Being a coach vs doing coaching

Yesterday I graduated from my coaching degree. I now officially have a Masters of Science in Coaching Psychology.

A milestone and an achievement.

Three and a half years, more than 50 flights, and more hours than I can count in reading, thinking and reflecting on coaching.

What it means to be a coach, what it means to do coaching. And an umderstanding of the how, why and what of coaching.

Doing a degree is not a requirement to be a coach. The industry is unregulated and your teapot could call itself a coach.

So what exactly did I learn in this degree and why was it worthwhile?

The how of coaching

Well of course we learnt how to do coaching. Doing coaching is about the techniques and models you can use to help people change and reach their goals. This is of course important. Afterall, the “doing” is the main thing. Whether it’s coaching, medicine or something else, the main point of the endeavour is what you do. Things in this world don’t change without action. So we must learn the how of coaching – at least as a baseline for getting started.

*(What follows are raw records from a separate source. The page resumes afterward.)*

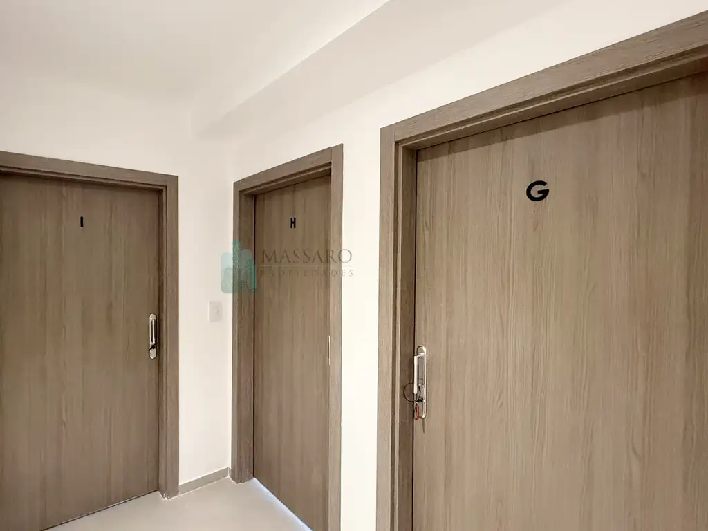 El departamento se encuentra en sexto piso al frente, consta de hall de entrada, baño completo de 1.70x1.97, ambiente con cocina integrada de 8.86x3 con balcón. En la cocina tiene espacio destinado a heladera y conexión para lavarropas, en el ambiente posee preinstalación de aire acondicionado y videoportero con monitor digital.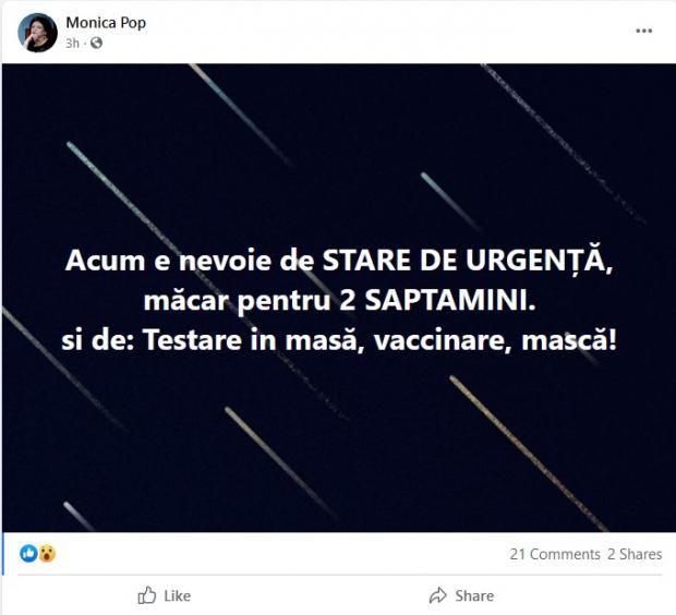 "Acum este nevoie de stare de urgență, măcar pentru două săptămâni și de testare în masă, vaccinare, mască", a scris Monica Pop, pe pagina sa de Facebook.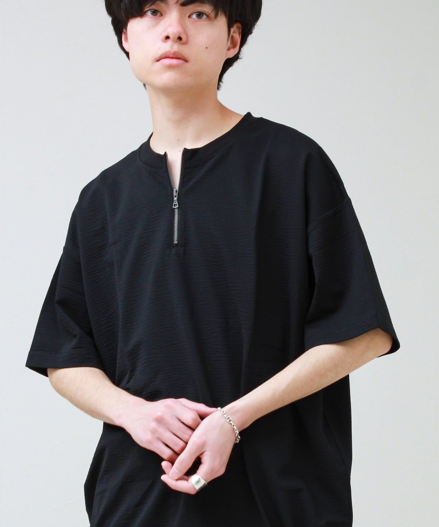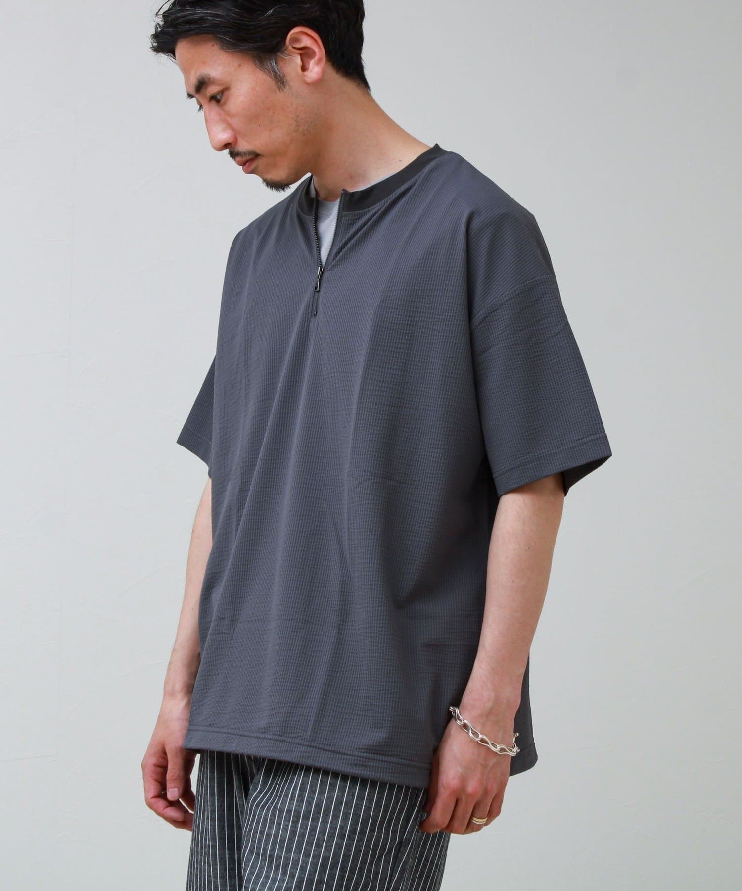 FREDY & GLOSTER(フレディ アンド グロスター) カットサッカー ハーフジップTシャツ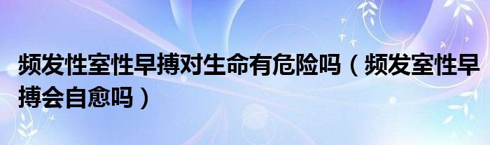 大家好,乐天来为大家解答以下的问题,频发性室性早搏对生命有危险吗,频发室性早搏会自愈吗很多人还不知道,现在让我们一起来看看吧!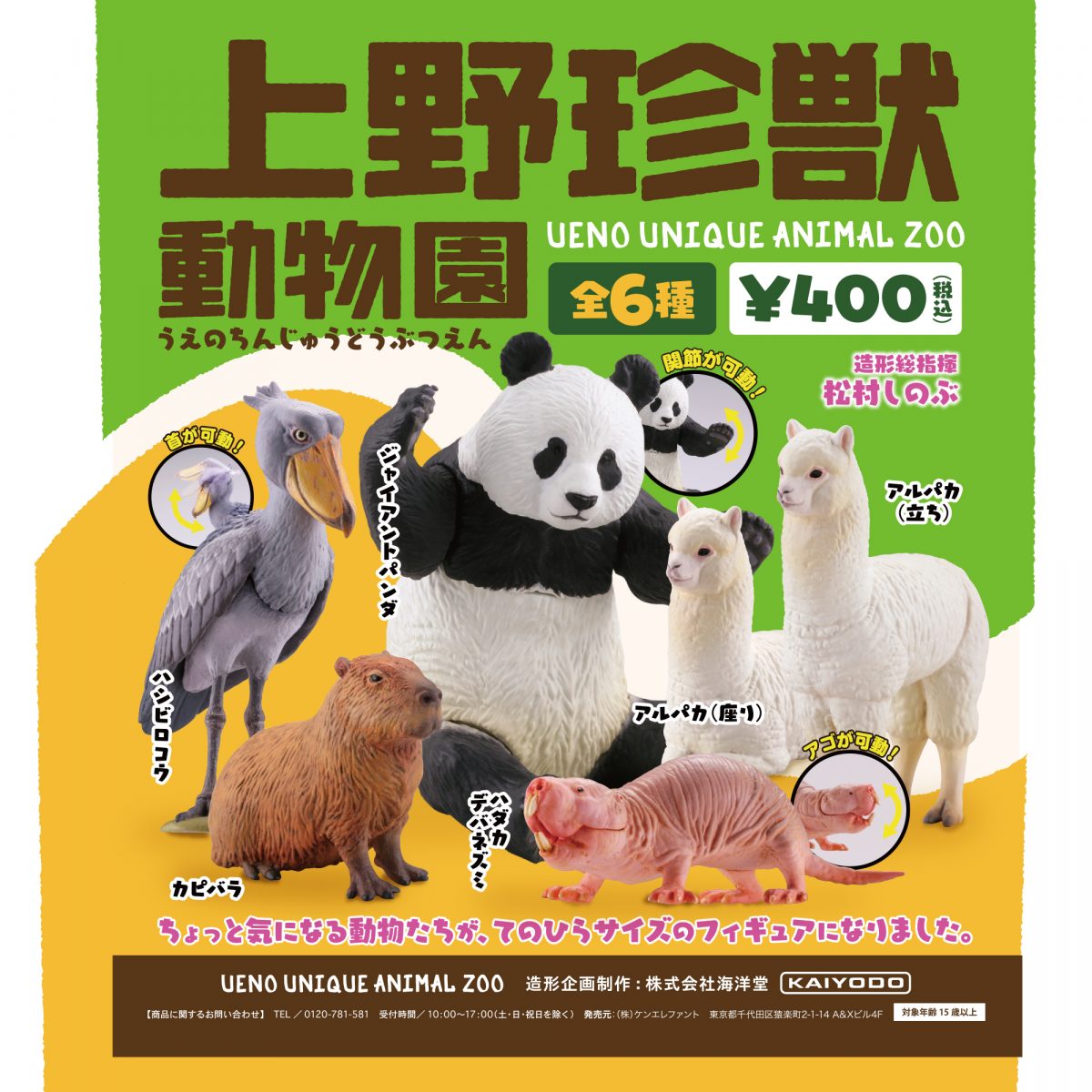 ハシビロコウ、アルパカ、ハダカデバネズミ、カピバラ、パンダなどあなたの好奇心をくすぐる珍獣をミニチュアフィギュア化!国宝のミニチュアや海外の博物館のレプリカも手がける世界的造形集団・海洋堂が造形を担当した珍獣オールスター!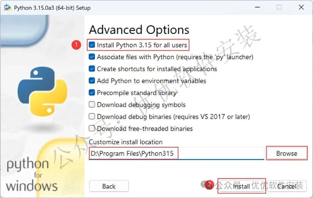 6、软件默认安装在C盘,可自定义更改软件安装位置,这里小编选择安装在D盘;勾选【Install Python 3.15…】,再点击【Install】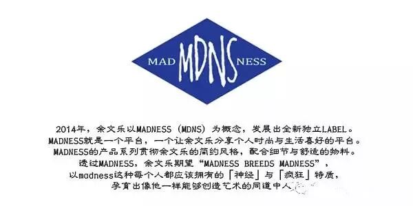 2014年;余文乐以MADNESS[MDNS]为概念,发展出全新独立LABEL。MADNESS就是一个平台,一个让余文乐分享个人时尚与生活喜好的平台。MADNESS的产品系列贯彻余文乐的简约风格,配合细节与舒适的物料。透过MADNESS,余文乐期望‘ MADNESS BREEDS MADNESS'以madness这种每个人都应该拥有的[神经]与[疯狂]特质。孕育出像他一样能够创造艺术的通道中人。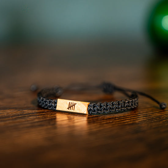 The five tally marks represent the passage of time and the milestones achieved throughout your five years together. Traditionally, the 5th anniversary is celebrated with gifts made of wood, symbolizing the strength and enduring nature of a relationship that has weathered early storms and grown deeper roots. Wear this bracelet as a reminder of your love, commitment, and the beautiful journey you've embarked on together.
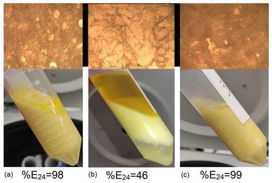 The essence of the experiment consisted of mixing organic samples with water in a volume ratio of 1:1 at different temperatures and further fixing the height of the emulsion layer and the time of separation. These experiments were designed to consider the influence of mixing speed, temperature, and the composition of the ether fraction on the stability of the obtained emulsion of the “water-in-oil” type.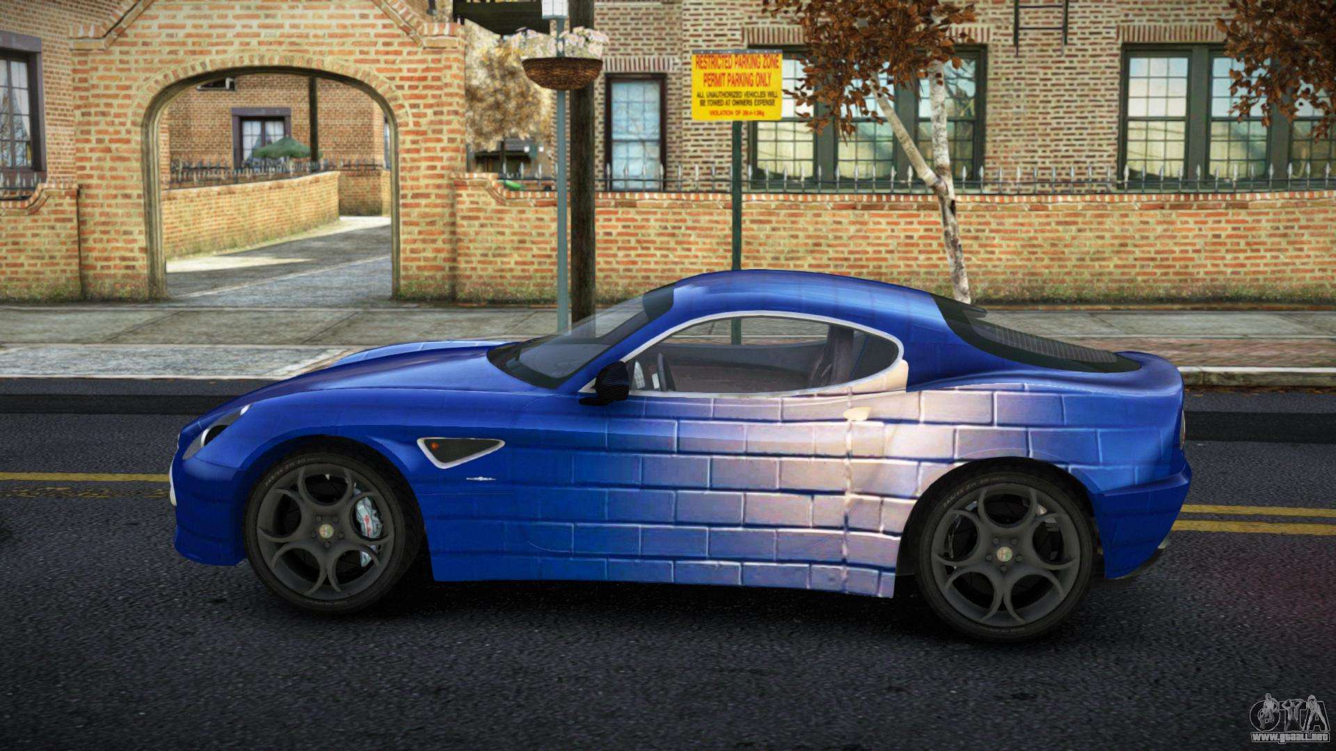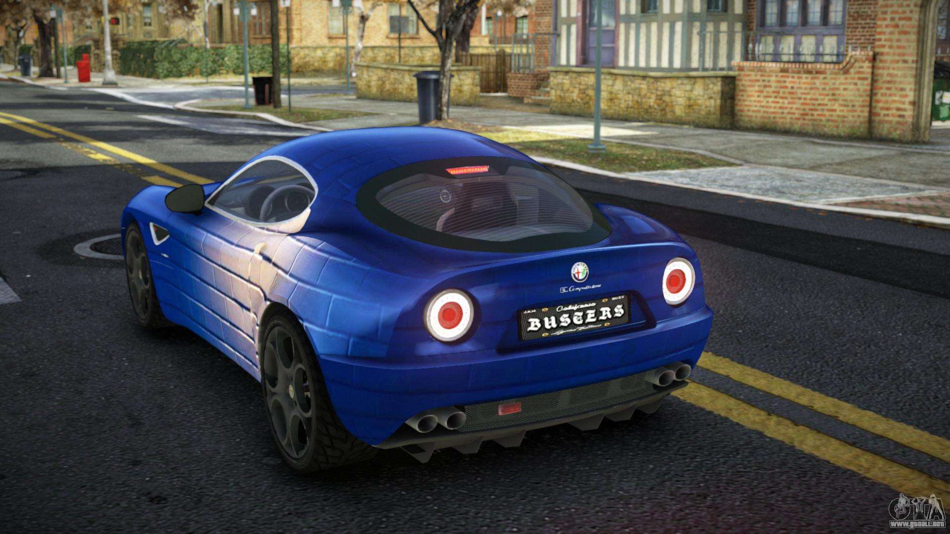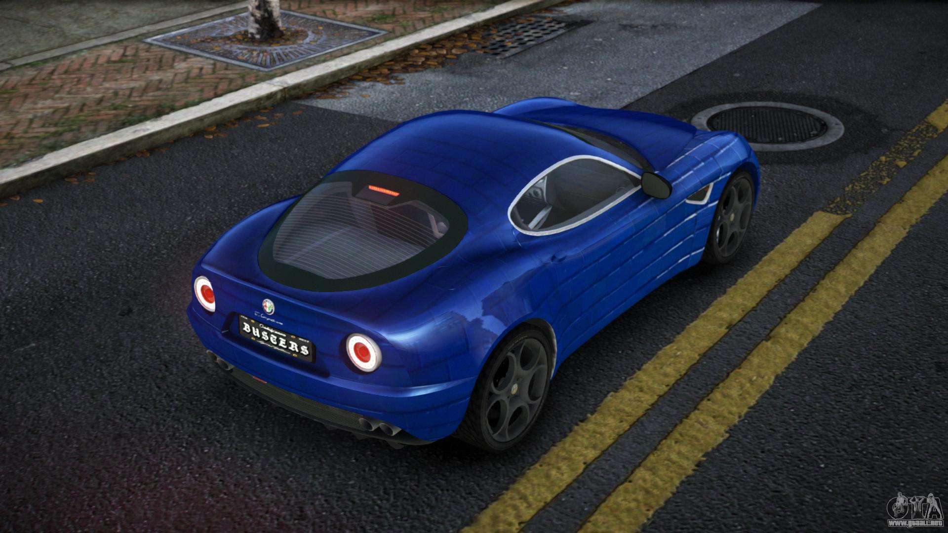 El mod Alfa Romeo 8C Dervia S13 para GTA 4 se puede descargar a continuación en los enlaces. La modificación se instala automáticamente por defecto para reemplazar la Banshee, y con la ayuda de nuestro instalador también puedes sustituirla por cualquier vehículo estándar del juego.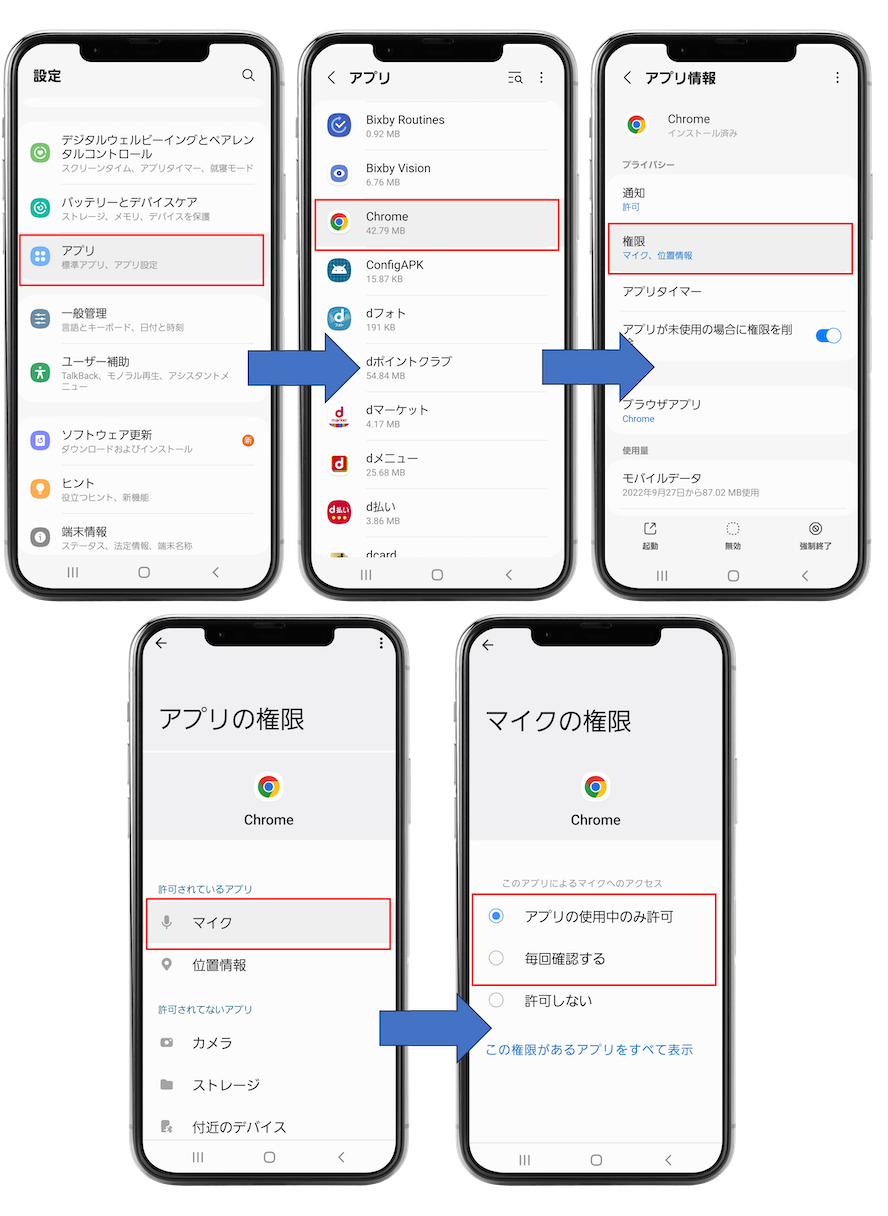 「設定 > アプリ > Chrome(またはSafari) > 権限」から、「マイク」を選択、次に表示された画面でマイクの設定が「許可しない」になっていた場合は「アプリの使用中のみ許可」または「毎回確認する」を選択してください。

Deeper than learning a technique, coaching psychology, as taught in my degree, also attempts to answer how coaching works. Knowing how something works gives you much greater power over using it. You get a better sense of nuance as to when a certain technique is appropriate or not. You get a better understanding of what techniques may be most appropriate in a given situation. You get a better sense of how to blend and combine techniques.

The why of coaching

A layer deeper than the doing of coaching is understanding the why, or the overall purpose of coaching. Understanding the purpose of coaching at a general level and at an individual level. By this I mean exploring in some depth answers to questions such as:

  • What is the purpose of coaching in and of itself?
  • What is my purpose in becoming or being a coach?
  • What is the purpose of each individual coaching engagement or session

Without a sense of purpose the ‘how’ becomes nothing more than a technique. A magic trick. A one size fits all algorithm. A sense of why brings in meaning and depth and humanity to the endeavour. A sense of why gives direction and embodies a ‘lifeless’ technique.

The what of coaching

Finally we get to the ‘what’ of coaching. This is ultimately a philosophical question. What is it we believe about life, and humanity and the world that coaching acts on? What do we believe about change and how it works?

For the non-philosophically inclined these types of questions might seem waffly or nebulous. But answering these questions helps you unlock how to BE a coach – not just how to do coaching.

The level of BEING a coach vs DOING coach are entirely different. At this level is an entirely new way of seeing the world. And a way of coaching where (to paraphrase Viktor Frankl) technique becomes less important than the spirit with which it is offered. When you can truly meet someone where they are – where two humans sit together over one challenge – that is when creativity, solutions and great change occur.